# Bit For Young Strong Cob



## andynomnom (2 July 2011)

Hi guys, ive been reading posts on the H&H forum for about a year and have finally taken it upon myself to join haha. i find it so helpful to read other posts etc as i always have queries.

Anyway, i joined so that i could ask does anyone have ideas of what bit to use with a young strong cob? He's only just turned 5, and he's been in a dutch gag for a few months on second hole from bottom but i feel its basically too much for him being so young. I know he doesnt like it aswell but i have good steering and brakes in it.

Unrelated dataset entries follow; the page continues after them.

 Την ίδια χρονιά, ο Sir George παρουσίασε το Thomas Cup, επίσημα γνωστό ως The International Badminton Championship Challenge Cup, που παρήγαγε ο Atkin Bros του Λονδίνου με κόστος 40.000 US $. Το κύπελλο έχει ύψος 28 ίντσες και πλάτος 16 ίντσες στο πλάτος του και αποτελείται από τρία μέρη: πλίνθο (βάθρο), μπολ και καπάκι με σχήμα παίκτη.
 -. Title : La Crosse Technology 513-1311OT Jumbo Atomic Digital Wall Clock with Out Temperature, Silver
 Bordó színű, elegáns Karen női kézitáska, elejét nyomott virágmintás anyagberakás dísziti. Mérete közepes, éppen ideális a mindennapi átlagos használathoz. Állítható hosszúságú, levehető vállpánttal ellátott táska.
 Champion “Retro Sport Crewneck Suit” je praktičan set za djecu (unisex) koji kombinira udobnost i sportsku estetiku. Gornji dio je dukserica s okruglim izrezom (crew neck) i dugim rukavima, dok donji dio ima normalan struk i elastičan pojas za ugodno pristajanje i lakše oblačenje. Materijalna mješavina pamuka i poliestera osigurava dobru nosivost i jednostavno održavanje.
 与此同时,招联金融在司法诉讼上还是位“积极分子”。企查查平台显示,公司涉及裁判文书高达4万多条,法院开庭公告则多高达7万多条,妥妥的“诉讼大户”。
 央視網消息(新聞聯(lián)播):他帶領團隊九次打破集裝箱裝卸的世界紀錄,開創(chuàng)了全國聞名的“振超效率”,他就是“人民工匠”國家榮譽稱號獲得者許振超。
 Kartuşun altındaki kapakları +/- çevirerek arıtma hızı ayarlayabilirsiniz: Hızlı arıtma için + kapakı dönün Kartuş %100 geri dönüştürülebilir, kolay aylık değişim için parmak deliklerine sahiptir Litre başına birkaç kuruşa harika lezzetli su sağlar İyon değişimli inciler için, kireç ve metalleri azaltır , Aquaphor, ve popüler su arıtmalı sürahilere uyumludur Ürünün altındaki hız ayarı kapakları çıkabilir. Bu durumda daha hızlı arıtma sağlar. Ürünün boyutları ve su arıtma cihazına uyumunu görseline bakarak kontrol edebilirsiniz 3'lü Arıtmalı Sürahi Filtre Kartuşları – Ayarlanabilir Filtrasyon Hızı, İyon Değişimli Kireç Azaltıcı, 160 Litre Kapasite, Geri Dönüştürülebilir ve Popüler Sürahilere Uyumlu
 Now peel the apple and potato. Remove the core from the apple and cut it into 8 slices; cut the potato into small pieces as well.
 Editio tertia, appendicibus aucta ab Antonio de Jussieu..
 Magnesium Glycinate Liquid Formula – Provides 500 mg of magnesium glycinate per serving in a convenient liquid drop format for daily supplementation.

Tonight i used a loose ring snaffle and draw reins and schooled him and my arms didnt half ache by the end of it!

I really dont want to use anything like a pelham or kimberwick etc due to being so young ! Any suggestions will be helpful !!!

-Andy.


----------



## Shysmum (2 July 2011)

Hiya !!

I have a very strong young cob, and I started him as soft as I possibly could, Happy Mouth snaffle, etc. My pony actually HATES bits, and we are now bitless, but that's a long story.

What you have to remember with a young horse is that their mouths have very sensitive nerve endings throughout ( which you do not want to become de-sensitized, or the horse "hard mouthed"), and you must do your utmost to preserve that mouth. If the horse is pulling and mucking around, it's most likely that the bit is causing him pain. 

My advice is to get a good instructor, and get their advice. You need to look inside the mouth and see the shape of it, and the tongue, and then build up your knowledge from there. 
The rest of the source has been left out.